School Room by Rob Shenk
School Room by Rob Shenk

It’s getting to be that time of year; the temperatures are falling, the edges of the leaves are crisping, football is revving up, baseball is winding down, and many of us are getting used to new teachers and new classes.

To help take the sting out of the end of summer (goodbye till next year, reading on the beach with an iced tea…), I like to throw myself into celebrating the beginning of fall (hello again, curling up in an armchair with a hot chocolate while the rain falls outside!). For me, this means: new notebooks, adding apples to pretty much every meal, and diving into books that highlight all the little rituals of the school year. The following are some of my favorite titles with strong school settings, to help us all get excited for the new semester (even if we can’t actually enroll at Hogwarts, which would, let’s be honest, be the ultimate in back-to-school excitement).

Disreputable History of Frankie Landau-Banks
The Disreputable History of Frankie Landau-Banks

The Disreputable History of Frankie Landau-Banks by E. Lockhart

Frankie is really smart (and unaccustomed to hiding her smarts in front of guys, even though sometimes they seem more comfortable if she does), dislikes accepting the status quo, is impatient with her dad’s secretive pride about his own halcyon days at her boarding school, and is (maybe) on the path to becoming a criminal mastermind- an idea she finds morally…ambiguous. A 2009 Printz Honor Book, Teens Top Ten pick, and National Book Award finalist, plus a 2013 Popular Paperbacks for Young Adults title, this is one of those books I’m always bothering everyone I know to read.

Never Let Me Go
Never Let Me Go

Never Let Me Go by Kazuo Ishiguro

Speculative fiction disguised as a coming-of-age story, Never Let Me Go was an Alex Award winner in 2006, and has quickly become a modern classic. Following a trio of students through their years at a seemingly traditional boarding school, Never Let Me Go is about the complex hierarchies and subtle competitions between friends, but it’s also about how to get the truth from adults, and how to live with truths that are shockingly, fundamentally painful to process.

Prep
Prep

Prep by Curtis Sittenfeld

An adult-market book featuring one of my favorite YA protagonists ever, this is the sometimes uncomfortable, always emotionally compelling story of one girl’s journey through all four years of high school at a prestigious boarding school in Massachusetts.
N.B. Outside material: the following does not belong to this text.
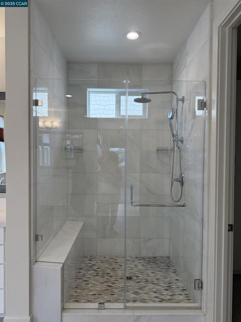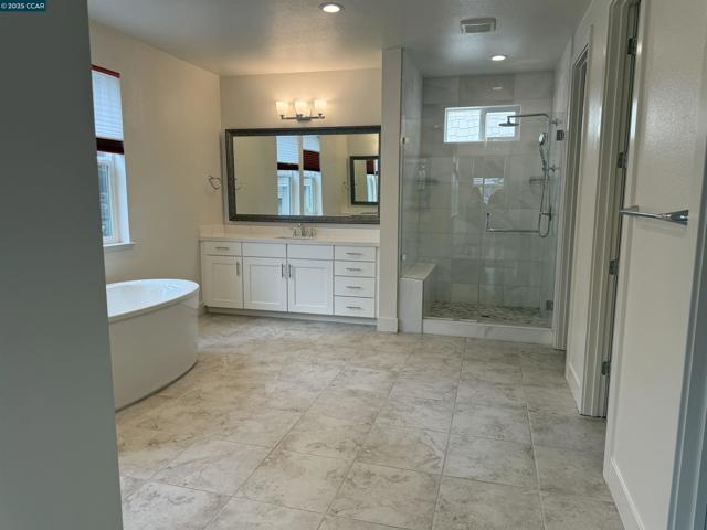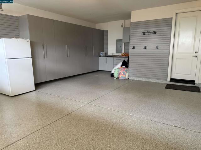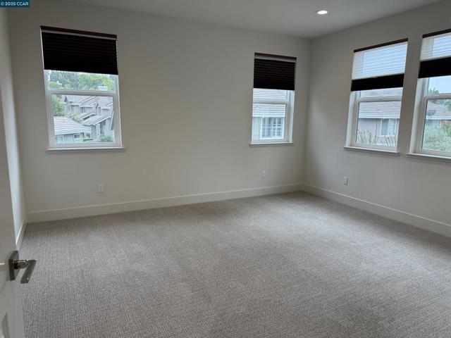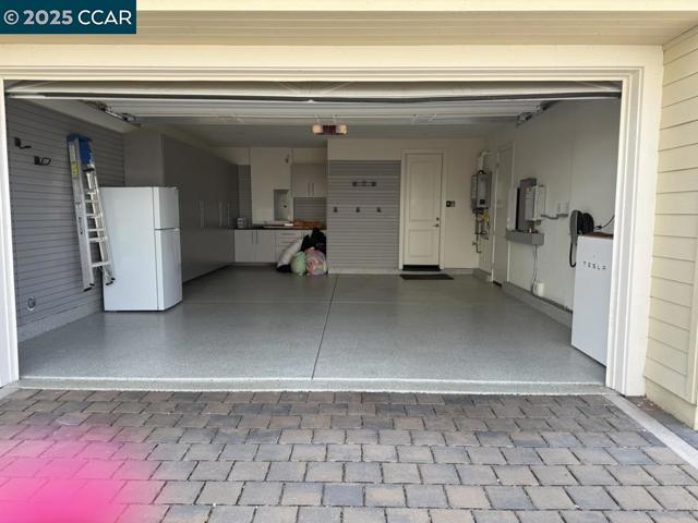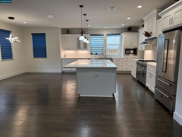 This stunning residence offers all the bells and whistles, starting with a chef’s kitchen featuring Bertazzoni appliances, 6-burner gas stove with griddle, double oven, quartz counters, expansive island, custom floor-to-ceiling cabinetry with glass inlays, and a large walk-in pantry. The spacious great room and nook boasts upgraded wood floors, a cozy gas fireplace, and a sliding door leading to the outdoor living area. A full bedroom and bath on the main level provides flexibility for guests or a home office. Modern energy features include 5.8KW solar (18 panels), 2 Tesla Power Walls, and 220V car charging capability. Additional upgrades: Hunter Douglas blinds, epoxy garage flooring, and built-in cabinetry in the oversized 2-car garage. Step outside to a beautifully landscaped backyard with Travertine and Tan Red Charcoal pavers, flower beds, fruit trees, patio, and porch—perfect for entertaining or relaxing. Ideally located near Blackhawk Plaza shopping & dining, Diablo Vista Park, and top-rated San Ramon Valley schools.

Lee Fiora is insecure, lonely, and comes from entirely different economic and social circumstances than most of her classmates. If you hate books where the protagonist makes bad choices and struggles to be likable, skip ahead in the list; Lee does both! But if you love a little angst, and have always felt like books about high school just don’t capture the grim social realities, this is a book for you.

The Raven Boys
The Raven Boys

The Raven Boys by Maggie Stiefvater

The third book in Stiefvater’s Raven Cycle, Blue Lily, Lily Blue, comes out in October (yay! My copy is, ahem, already pre-ordered), and it is my most-eagerly-anticipated fall YA release. The series revolves around Blue Sargent, and the quartet of guys she meets who attend the local all-boys prep school, Aglionby. Elements of fantasy, mystery, drama, and romance combine with deliciously rich character development to create a world so enticing, I included it in this “school stories” list even though time spent at Aglionby is negligible for some of the boys (when was the last time Ronan showed up for class, really?). Still, the presence of the academy looms large in the series, and it’s a place of rich heritage, mostly rich students, and slowly unfolding mysteries deeply rooted in the small town where the the Raven Boys, as Aglionby students are called, sometimes collide with the rest of the community. As LeVar Burton says though, you don’t have to take my word for it; The Raven Boys was a 2013 Teens Top Ten pick, which means the teens of the internet think it’s completely awesome too, and there’s still time to get caught up before the third volume comes out next month.

 

Bad Machinery
Bad Machinery

 Bad Machinery Volume 1: The Case of the Team Spirit by John Allison

Time for a format shift: a hilarious webcomic (now also released in print by “case”) about a crew of friends, frenemies, cousins, and erstwhile teachers This was excellently highlighted by fellow Hub blogger and John Allison fan Traci Glass back in February. I included it here because I absolutely love the way all the amateur detectives still have to try to pass all their classes in the midst of a lot of paranormal sleuthing.  Hijinks obviously ensue. The Case of the Team Spirit was on the Great Graphic Novels 2014 list, and the webcomic is organized by cases here.

Girl in Translation
Girl in Translation

Girl in Translation by Jean Kwok

Winner of a 2011 Alex Award, Girl in Translation is the story of Kimberly Chang, recently emigrated from Hong Kong with her mother and attempting to cram two full-time schedules into every day, attending a prestigious prep school during the day, working sweatshop shifts at night (while also finishing all her homework), and living in squalor in an unsafe, unregulated apartment. Kimberly is a studious, talented student, but she’s also trying to fit in with her classmates while helping her mother scrape by. 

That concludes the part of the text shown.